Курд обрадовался. – Об этом как раз можно поговорить и со мной, ведь я суннит. Может быть, хан соизволит обсудить со мной вопросы религии?

Мак-Грегор перевел это Эссексу.

– Погонщику хочется поговорить с вами о религии, – сказал он.

– Что-о?

– Он хочет знать, почему христиане – не магометане. Если был пророк Иисус, почему не могло быть и второго пророка, Магомета? Он хотел бы получить на это ответ от вас, как от христианина.

– Скажите ему, пусть лучше следит за своими мулами. Мне кажется, что мы кружим на одном месте.

Мак-Грегор был не прочь поставить Эссекса в затруднительное положение и потому передал его слова в точности.

– Он на меня за что-нибудь гневается? – огорчился курд.

– Нет. Он гневается на самого себя и еще на многое другое. – Мак-Грегору стало неловко за свою грубость, и он поспешил исправить ее. – Он очень важный человек, у него много забот, и ему вовсе не хотелось быть грубым или резким.

– Ничего. Гнев великих людей несет в себе благодать, – философски заметил курд. – Когда песок пустыни вздымается к небу, это верное предвестие дождя.

Мак-Грегор перевел его ответ Эссексу, как формулу прощения.

– Он что же, дерзит? – спросил Эссекс.

– Нет. Он не хотел смущать нас, показывая свою обиду, поэтому он и воздал хвалу вашему гневу. Курды народ очень гордый и очень вежливый.

Было уже совсем темно, но Мак-Грегор почувствовал, что Эссекс оглянулся.

– Должно быть, я заслужил это, – сказал Эссекс.

– Без сомнения, – подтвердила Кэтрин.

– Вы, пожалуй, извинитесь за меня, Мак-Грегор.

Мак-Грегор передал курду – погонщику мулов извинения лорда Эссекса. Но курд обернул дело по-новому, укорив создателя за то, что он не даровал всем людям общей религии и общего языка, чтобы они лучше могли понимать друг друга, и предложил продолжить обсуждение вопросов религии.

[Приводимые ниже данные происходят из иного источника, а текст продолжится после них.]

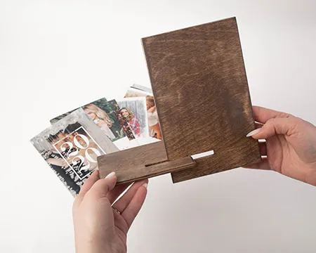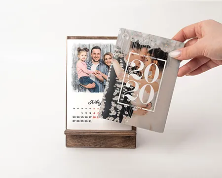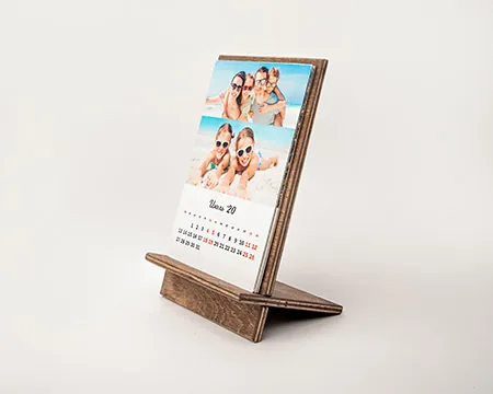 Настольный фотокалендарь - известный и популярный подарок на Новый год. Альбомикс предлагает три варианта традиционных классических настольных календаря -“домика”. Но что если совместить фоторамку и настольный фотокалендарь вместе? Правильно, получится настольный календарь на подставке! Для создания подставки мы использовали природный материал - дерево. Чтобы не покрывать их морилкой и не красить, а оставить естественный цвет в качестве материала был выбран благородный дуб.
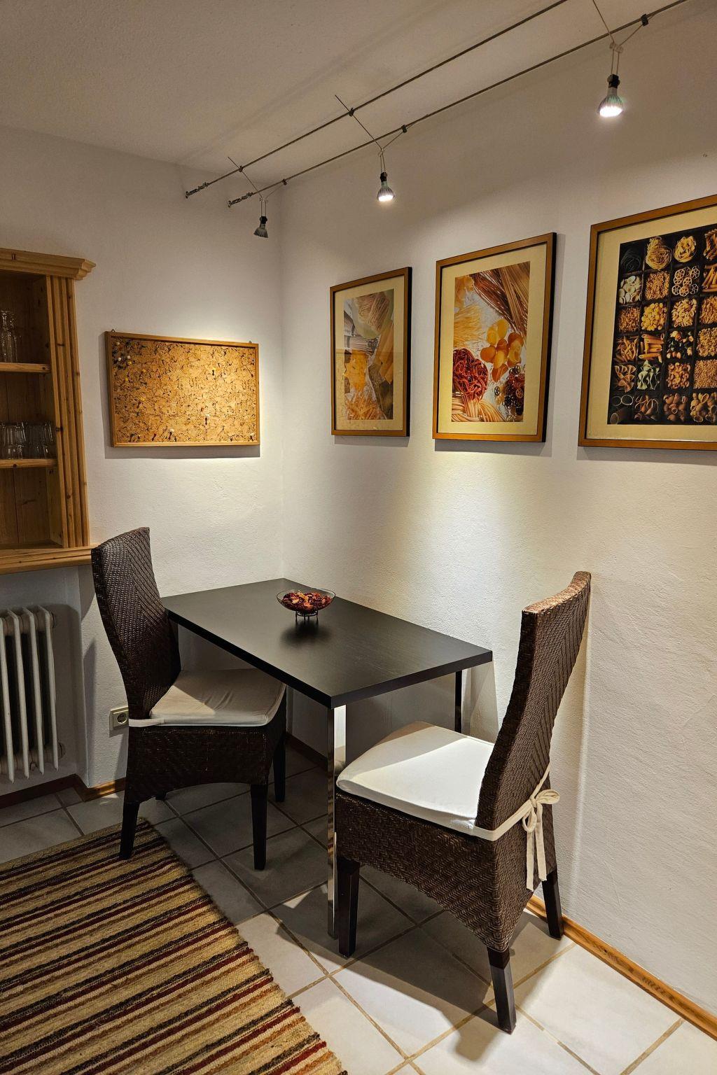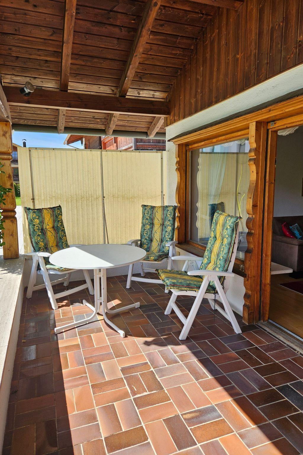 The country house bungalow is furnished in a cosy Bavarian style; for example, the living/dining room has a dining area with corner bench and typical Bavarian jogging table. Adjacent to the living room is the 20m² south-facing terrace and the garden area with cosy seating and loungers. Here you can have breakfast outside in the morning or simply relax in comfort.
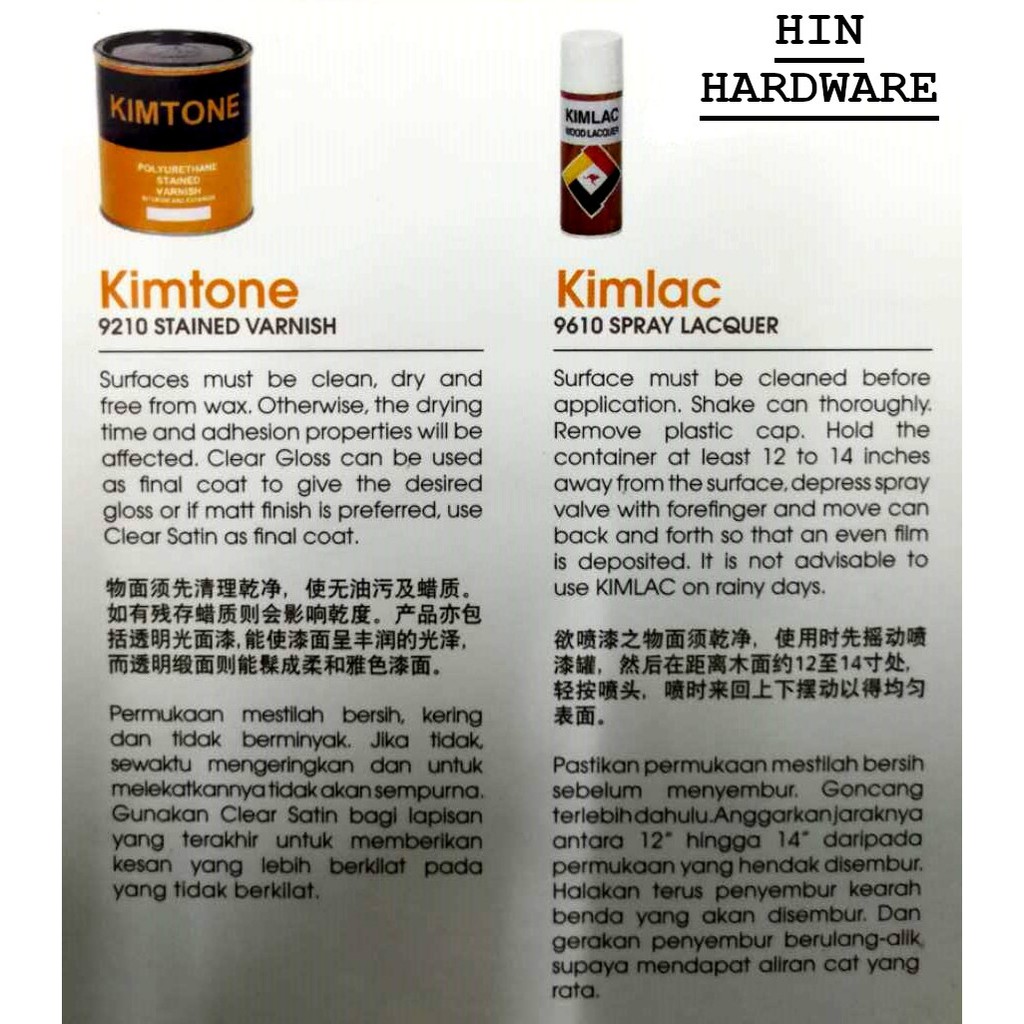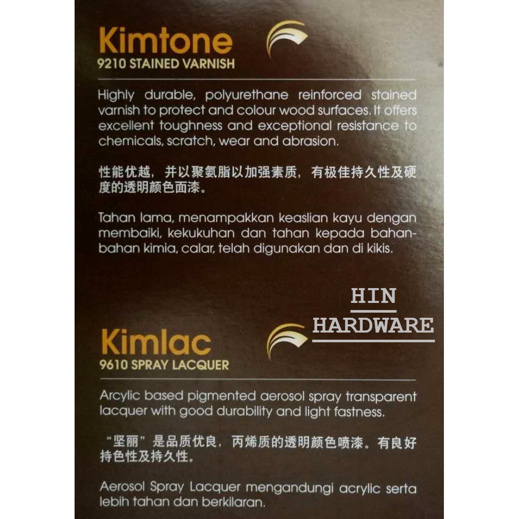 HIN 400ML KIMLAC Wood Spray Lacquer / Wood Varnish / Wood Shellac / Syelek Kayu

– Нет, благодарю покорно, – сказал Эссекс Мак-Грегору. – Передайте, что я уважаю его веру и убежден, что он уважает мою, какова бы она ни была. Полагаю, что это должно удовлетворить нас обоих.

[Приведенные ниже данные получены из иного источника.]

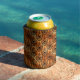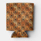 Halloween can cooler featuring spooky skull in copper brocade pattern on black background.
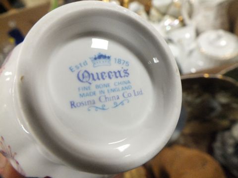 A BOX OF ASSORTED CHINA TO INCLUDE QUEENS CHINA
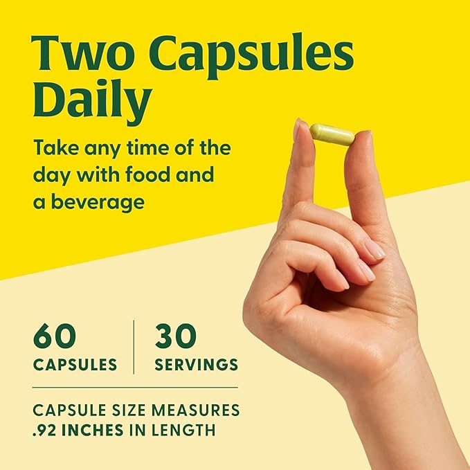 - TAKE ANY TIME OF DAY: Adults take two capsules any time of day with food and a beverage; Bottle contains 60 capsules for 30 servings
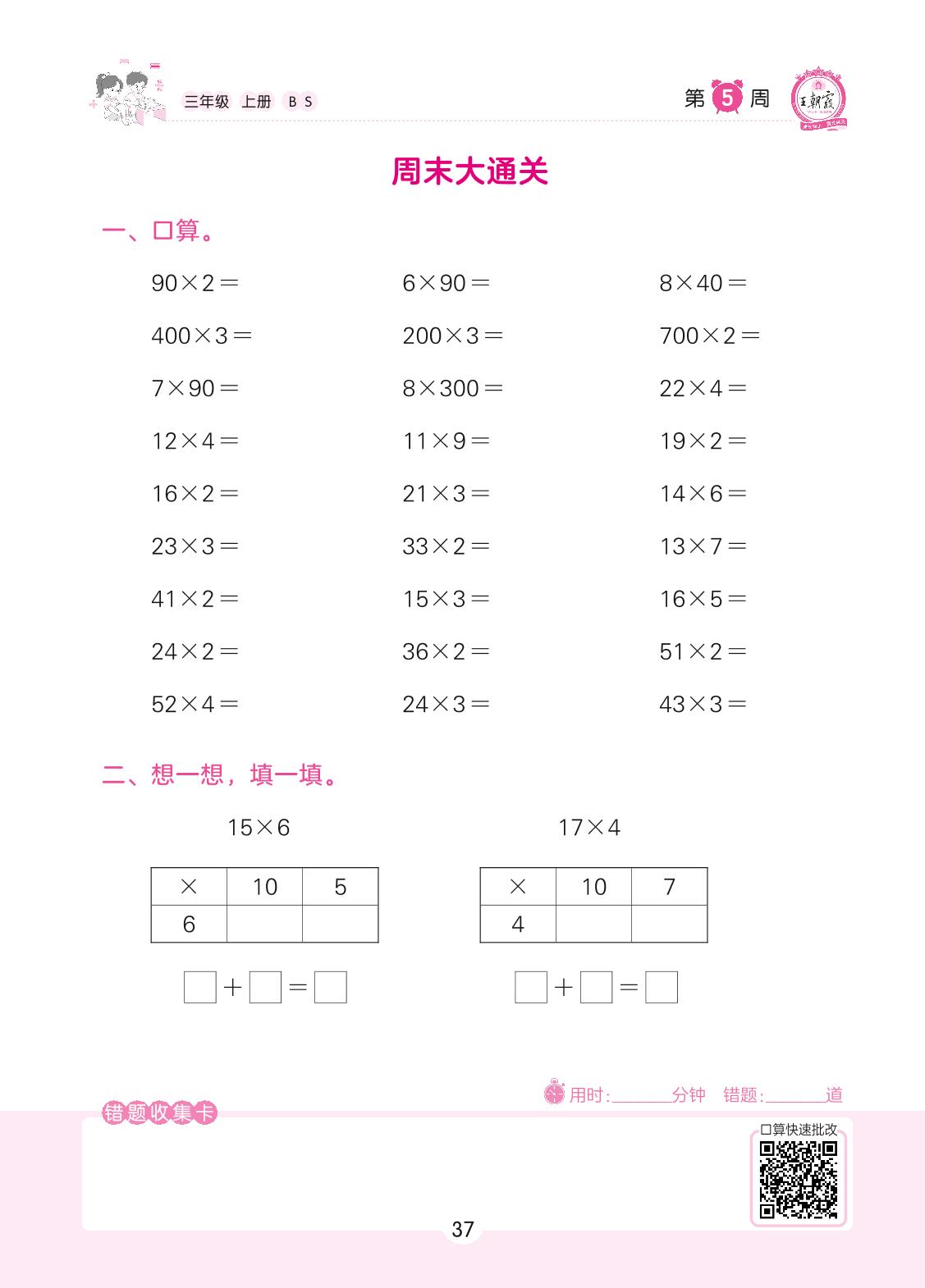 2022上册三年级数学北师版 第5周 周末大通关
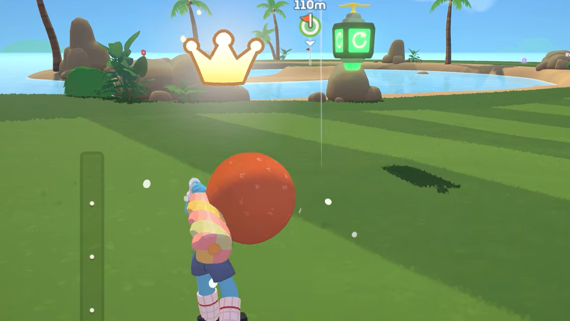 Super Battle Golf throws out the quiet, polite conventions of the sport and replaces them with homing missiles, landmines, and a rideable golf cart that can seat eight. Scattered across every course are purple suitcases stamped with question marks, and cracking one open gives you a random item from a pool of ten. Each serves a distinct purpose — stunning opponents, boosting your movement, shielding yourself, or flat-out sabotaging someone's swing.

Мак-Грегор вздохнул в темноте. – Он говорит, что вы совершенно правы, и добавляет, что, в сущности, между ним и вами нет разницы, разве только, что он носит мешковатые, грубые курдские шаровары, а вы – узкие армянские брюки.

– Надеюсь, вы чему-нибудь научитесь у этого человека, – сказала Кэтрин Эссексу. – Он прирожденный наставник.

– А чему я должен у него научиться? – с наигранной веселостью спросил Эссекс.

– Всему, чего вы не знаете, – ответила Кэтрин. – Особенно прислушайтесь к замечанию насчет брюк.

– А чем плохи мои брюки?

– В сущности, дело вовсе не в ваших брюках.

– Не в брюках?

– Нет.

Эссекс замолчал. Замолчала и Кэтрин. Говорить больше было не о чем.

Эссекс взялся обеими руками за ящики, которые вез второй мул, и попытался взгромоздиться на них. Курд подошел и помог ему. Выглянул месяц, и Мак-Грегор увидел, что Эссекс удобно и непринужденно восседает на муле, покуривая трубку. Он ловко прилаживался к шагу мула, и Мак-Грегор снова восхитился естественностью и спокойствием, которые сохранял этот человек, даже сидя верхом на муле. На мгновение Эссекс стал самим собой, без всяких условностей и сложностей, и Мак-Грегор впервые понял в нем кое-что, чего раньше не понимал: он понял, насколько естественно достоинство Эссекса, и это заставило его пожалеть, что Эссекс не способен чему-нибудь научиться у других. Видимо, и Кэтрин жалела о том же.

Тут Кэтрин объявила, что видит огоньки Хаджиабада.

Пологие холмы кончились так же внезапно, как и начались. Еще немного, и впереди, на небольшой возвышенности показался Хаджиабад. В ярком морозном свете остророгого месяца лепились друг к другу красные, розовые, коричневые и желтые стены, едва поднимавшиеся над землей. Поселок словно притих в черно-синей пустоте. Посредине его высился тоненький столбик серебристого света. Это был стройный минарет, слегка тронутый с одной стороны сиянием месяца, а с другой – окутанный лиловой тенью.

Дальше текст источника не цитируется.